Exercise instructions >> Pictures do not belong in the copy. Output exactly the lines from the one containing "fuel leaks. Make" to the end of the listing below.

------ Data shown ------

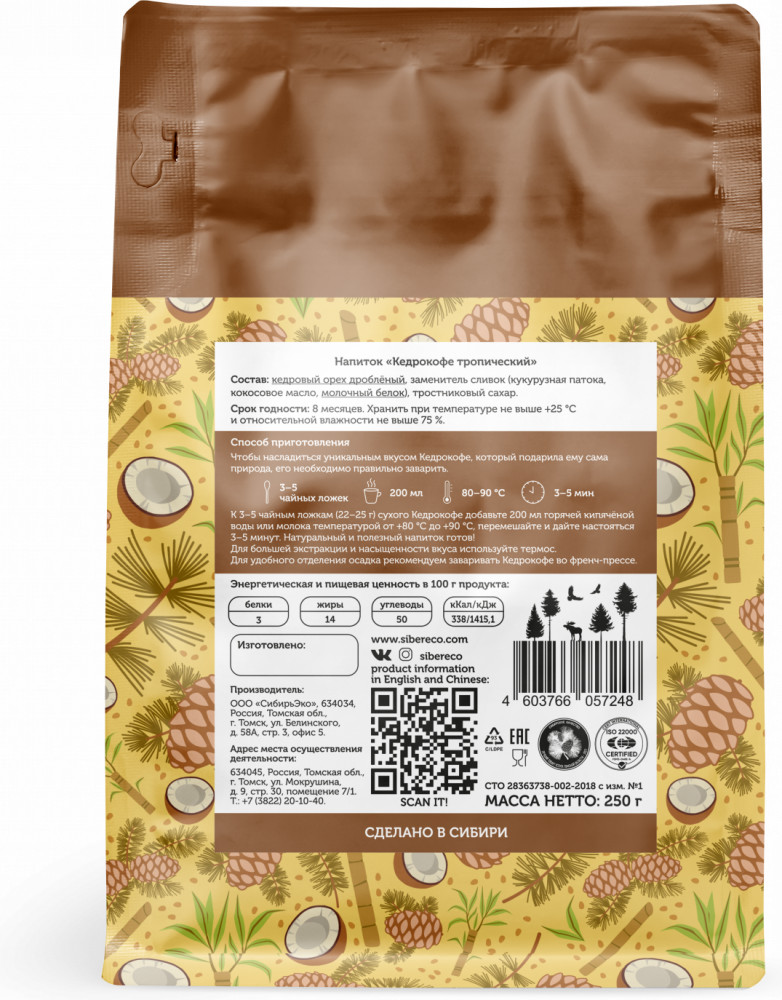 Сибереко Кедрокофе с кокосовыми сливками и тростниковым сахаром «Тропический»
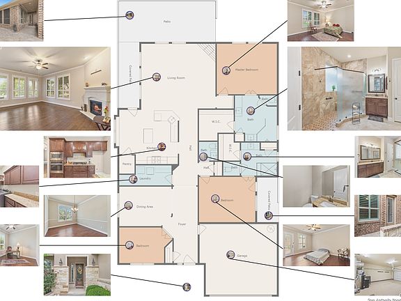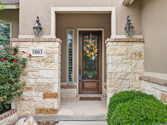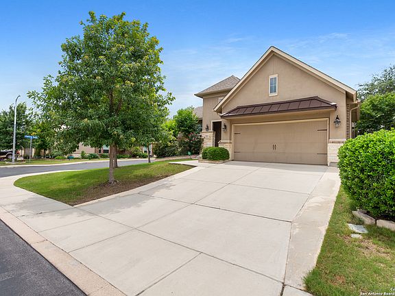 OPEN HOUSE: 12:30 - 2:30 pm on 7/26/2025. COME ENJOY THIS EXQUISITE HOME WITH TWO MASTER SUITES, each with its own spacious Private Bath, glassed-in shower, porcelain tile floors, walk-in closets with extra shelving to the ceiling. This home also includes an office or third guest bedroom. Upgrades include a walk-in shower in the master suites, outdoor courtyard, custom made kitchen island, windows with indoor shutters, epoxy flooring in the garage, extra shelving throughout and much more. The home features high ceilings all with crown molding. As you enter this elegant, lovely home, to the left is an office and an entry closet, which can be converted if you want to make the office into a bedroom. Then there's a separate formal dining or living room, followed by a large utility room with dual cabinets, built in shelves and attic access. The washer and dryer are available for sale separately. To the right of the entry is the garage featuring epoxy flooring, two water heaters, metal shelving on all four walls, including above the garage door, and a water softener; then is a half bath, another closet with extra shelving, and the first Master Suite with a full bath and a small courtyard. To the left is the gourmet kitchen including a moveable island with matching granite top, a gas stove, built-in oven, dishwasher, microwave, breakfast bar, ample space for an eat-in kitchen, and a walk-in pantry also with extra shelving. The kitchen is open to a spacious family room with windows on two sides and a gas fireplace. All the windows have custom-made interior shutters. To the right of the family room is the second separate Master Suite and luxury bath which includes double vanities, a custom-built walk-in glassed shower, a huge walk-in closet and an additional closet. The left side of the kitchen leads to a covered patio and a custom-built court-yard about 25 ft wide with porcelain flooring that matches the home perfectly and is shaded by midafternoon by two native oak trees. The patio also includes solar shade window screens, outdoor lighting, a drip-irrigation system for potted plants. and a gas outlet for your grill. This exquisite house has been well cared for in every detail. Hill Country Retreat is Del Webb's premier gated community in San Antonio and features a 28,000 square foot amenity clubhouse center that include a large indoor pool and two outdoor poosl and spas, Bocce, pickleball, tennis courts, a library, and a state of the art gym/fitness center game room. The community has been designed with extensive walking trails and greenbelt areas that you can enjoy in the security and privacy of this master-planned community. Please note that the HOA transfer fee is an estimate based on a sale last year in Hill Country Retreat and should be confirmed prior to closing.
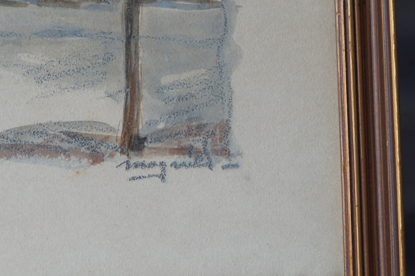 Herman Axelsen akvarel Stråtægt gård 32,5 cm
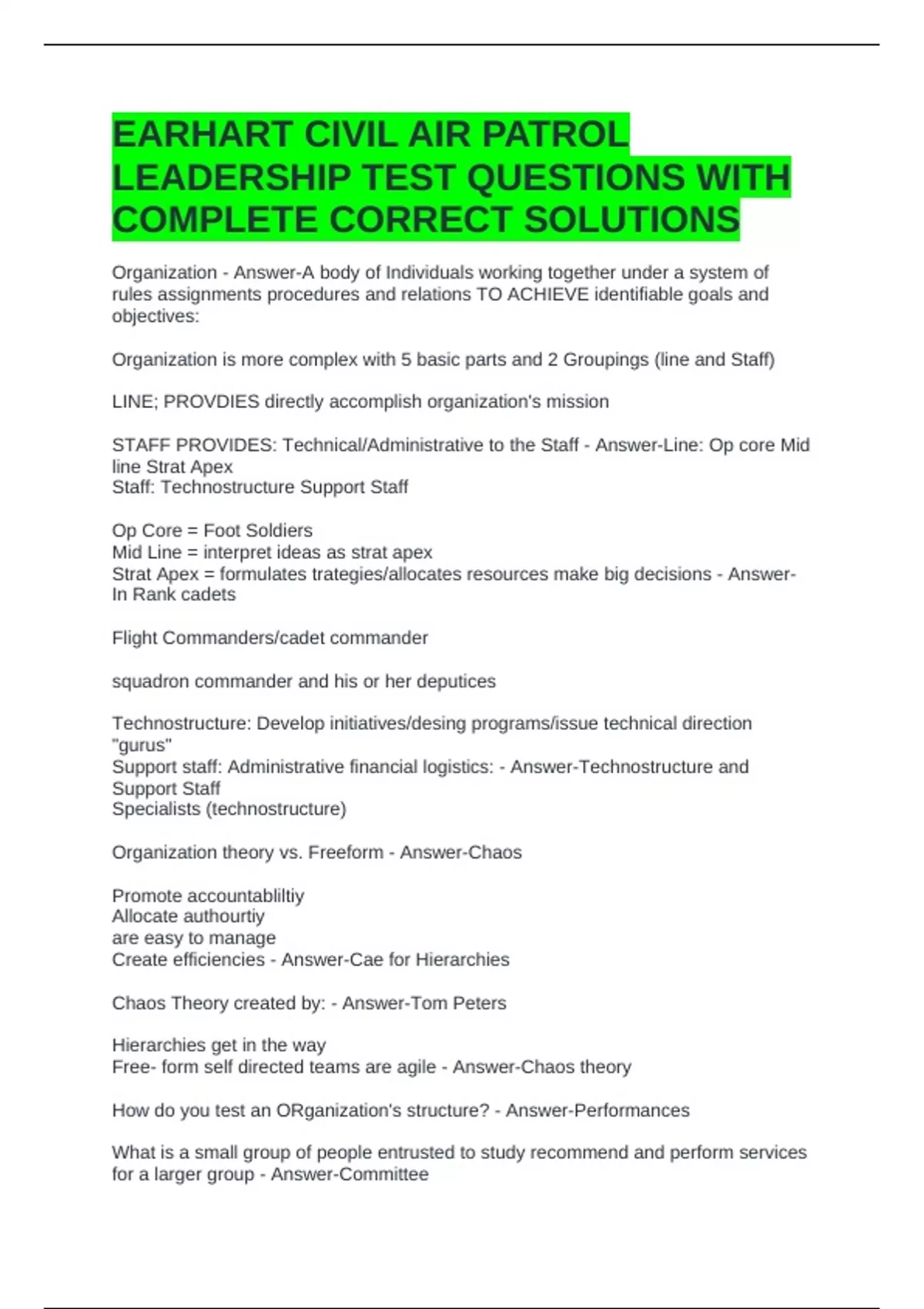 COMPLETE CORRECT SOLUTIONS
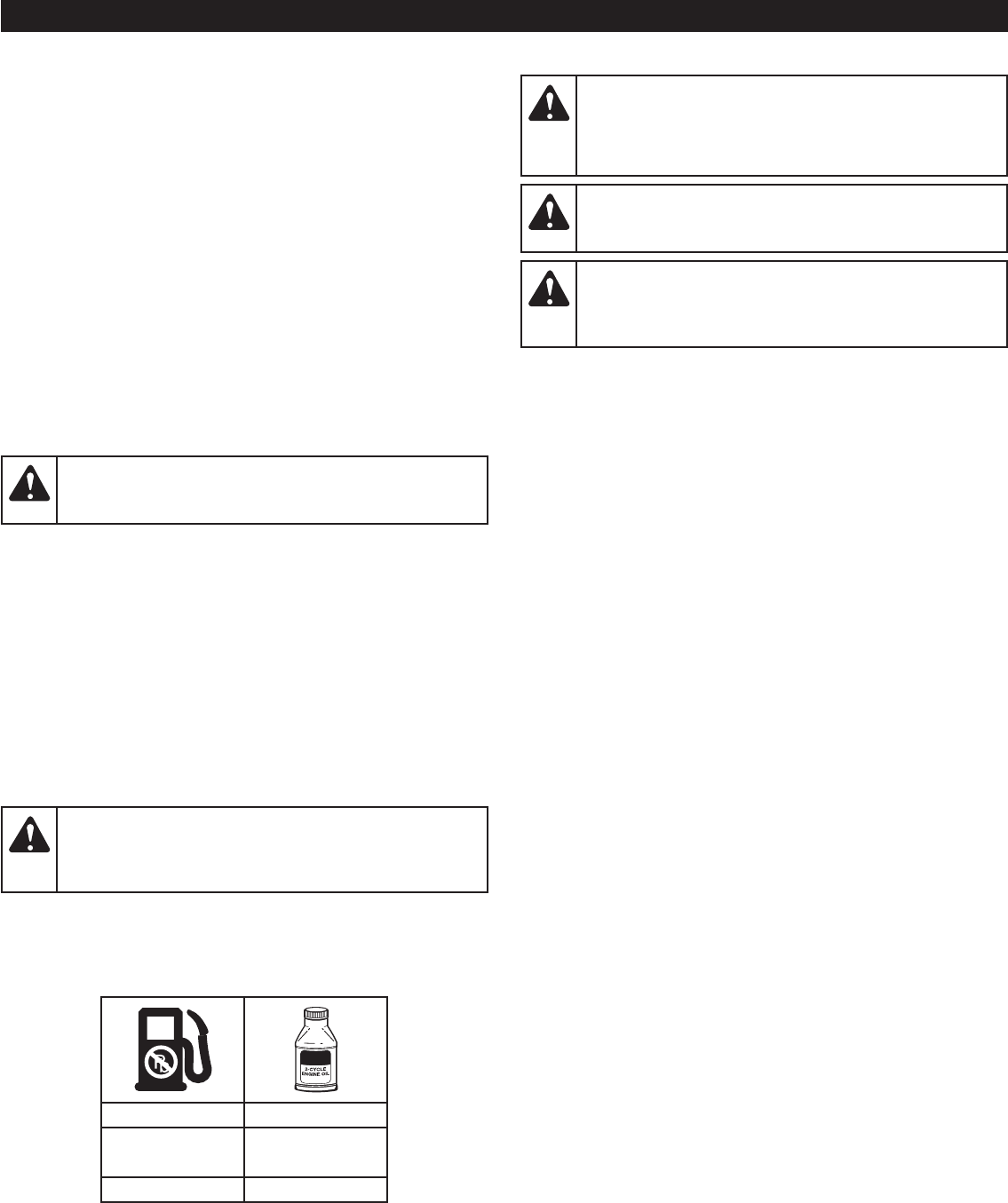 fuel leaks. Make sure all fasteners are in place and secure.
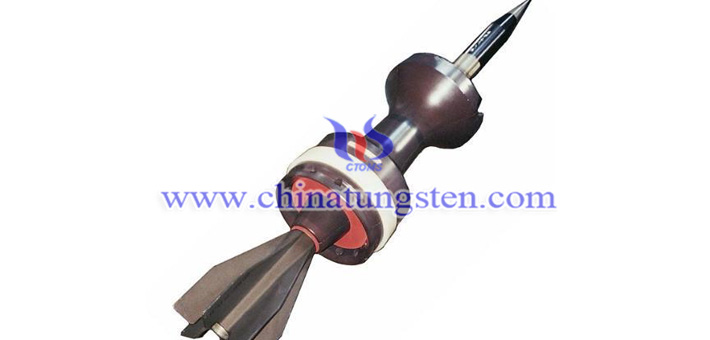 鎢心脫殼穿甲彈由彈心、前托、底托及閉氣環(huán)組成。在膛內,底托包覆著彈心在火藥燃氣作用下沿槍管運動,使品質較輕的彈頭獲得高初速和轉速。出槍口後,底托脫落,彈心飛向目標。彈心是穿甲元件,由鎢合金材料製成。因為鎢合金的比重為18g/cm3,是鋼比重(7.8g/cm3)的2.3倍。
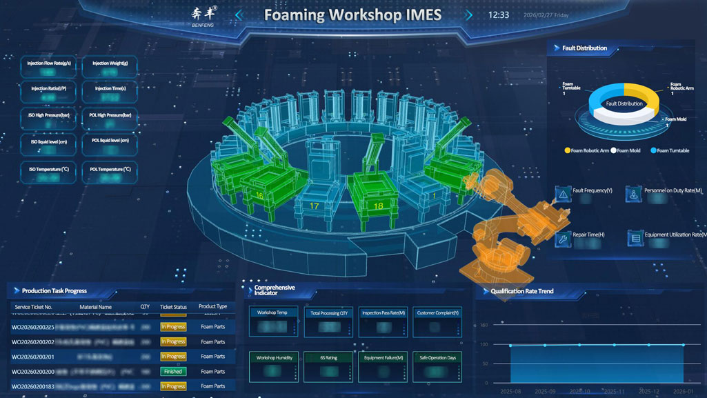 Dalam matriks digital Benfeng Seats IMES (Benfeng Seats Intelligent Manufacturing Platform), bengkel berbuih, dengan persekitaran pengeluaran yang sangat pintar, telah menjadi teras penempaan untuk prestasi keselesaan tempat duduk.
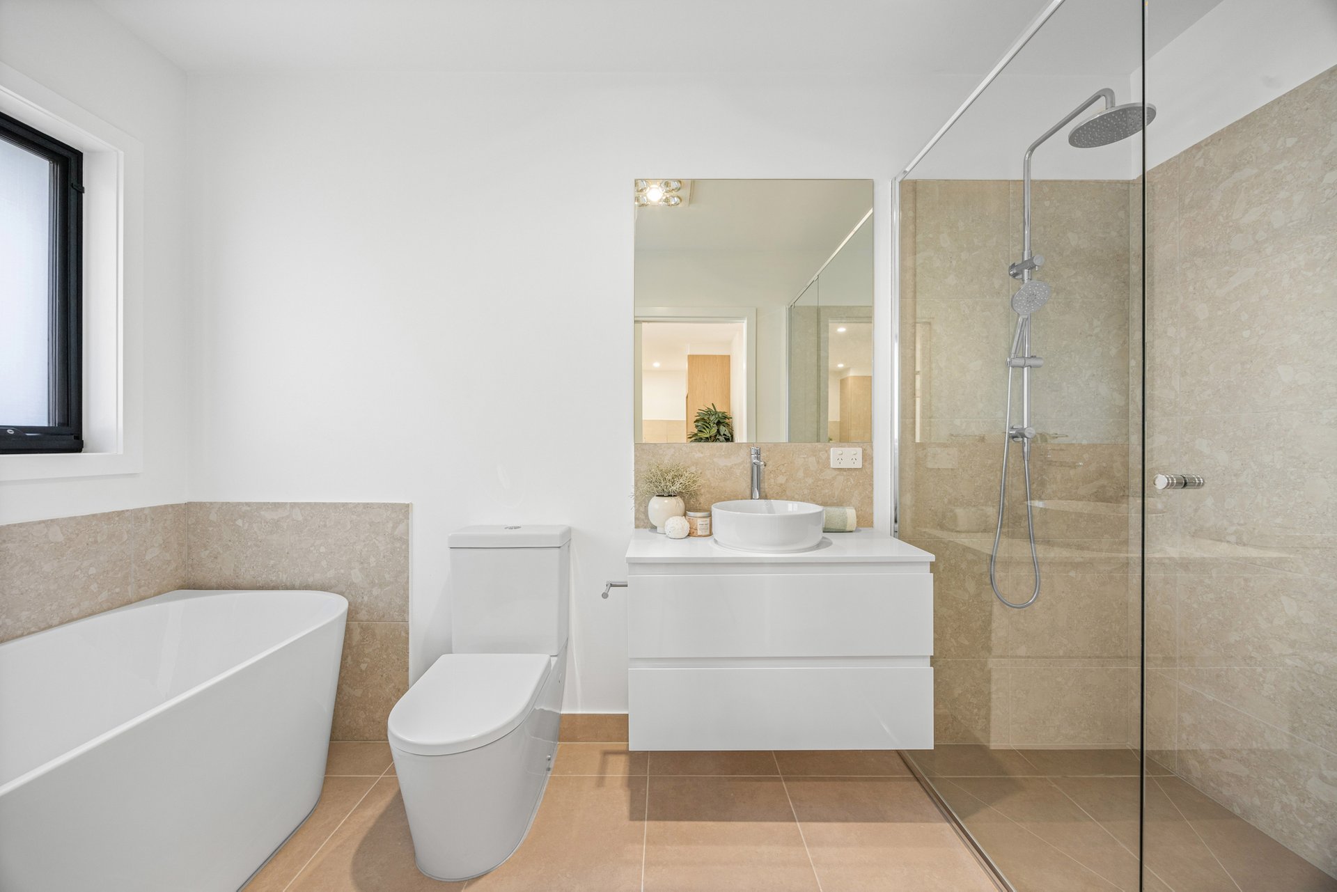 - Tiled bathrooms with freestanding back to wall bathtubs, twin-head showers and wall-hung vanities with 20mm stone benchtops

------

Response box >>
 fuel leaks. Make sure all fasteners are in place and secure.
 鎢心脫殼穿甲彈由彈心、前托、底托及閉氣環(huán)組成。在膛內,底托包覆著彈心在火藥燃氣作用下沿槍管運動,使品質較輕的彈頭獲得高初速和轉速。出槍口後,底托脫落,彈心飛向目標。彈心是穿甲元件,由鎢合金材料製成。因為鎢合金的比重為18g/cm3,是鋼比重(7.8g/cm3)的2.3倍。
 Dalam matriks digital Benfeng Seats IMES (Benfeng Seats Intelligent Manufacturing Platform), bengkel berbuih, dengan persekitaran pengeluaran yang sangat pintar, telah menjadi teras penempaan untuk prestasi keselesaan tempat duduk.
 - Tiled bathrooms with freestanding back to wall bathtubs, twin-head showers and wall-hung vanities with 20mm stone benchtops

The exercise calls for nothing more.